#### [MATERIAL PROVIDED]
——

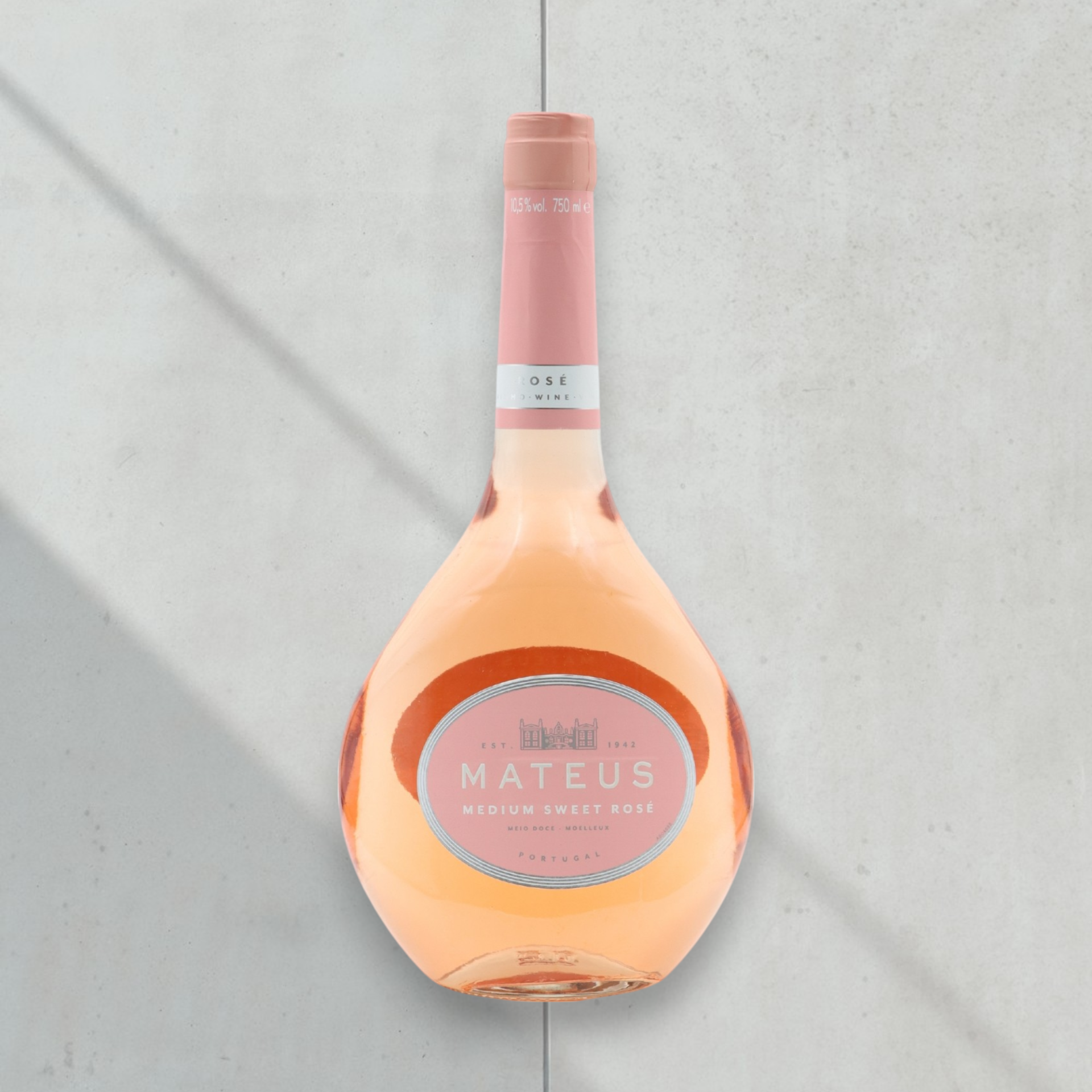 • Garrafa de vinho rosé Mateus Medium Sweet Rosé com rótulo rosa
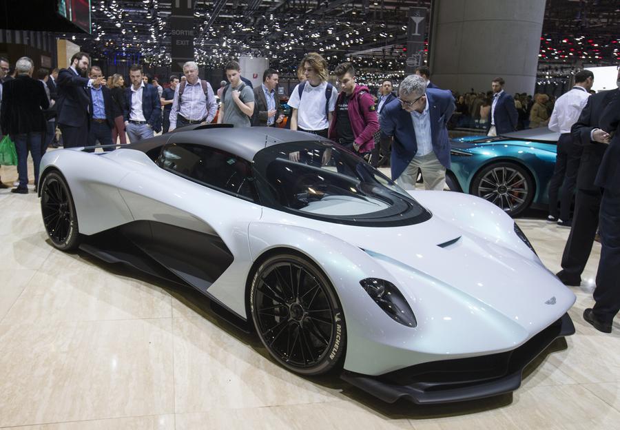 Pessoas olham hipercarro Aston Martin AM-RB 003 na 89ª edição do Salão Internacional do Automóvel de Genebra, em Genebra, Suíça, no dia 7 de março de 2019. (Xinhua/Xu Jinquan)
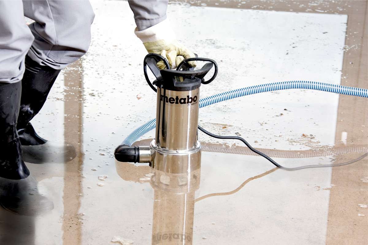Hurtig spildevands-dykpumpe med dobbelt pakningssystem, der beskytter pumpen ved beskidt eller forurenet vand. PS 18000 SN fra Metabo er ideel til opgaver med udpumpning, tømning og cirkulation af rent vand og spildevand fra beholdere, vandbassiner eller oversvømmede kældre.

——

#### [INSTRUCTIONS FOR THE TASK]
Copy out the whole listing word for word, except for any picture it includes.

#### [SOLUTION BELOW]
 • Garrafa de vinho rosé Mateus Medium Sweet Rosé com rótulo rosa
 Pessoas olham hipercarro Aston Martin AM-RB 003 na 89ª edição do Salão Internacional do Automóvel de Genebra, em Genebra, Suíça, no dia 7 de março de 2019. (Xinhua/Xu Jinquan)
Hurtig spildevands-dykpumpe med dobbelt pakningssystem, der beskytter pumpen ved beskidt eller forurenet vand. PS 18000 SN fra Metabo er ideel til opgaver med udpumpning, tømning og cirkulation af rent vand og spildevand fra beholdere, vandbassiner eller oversvømmede kældre.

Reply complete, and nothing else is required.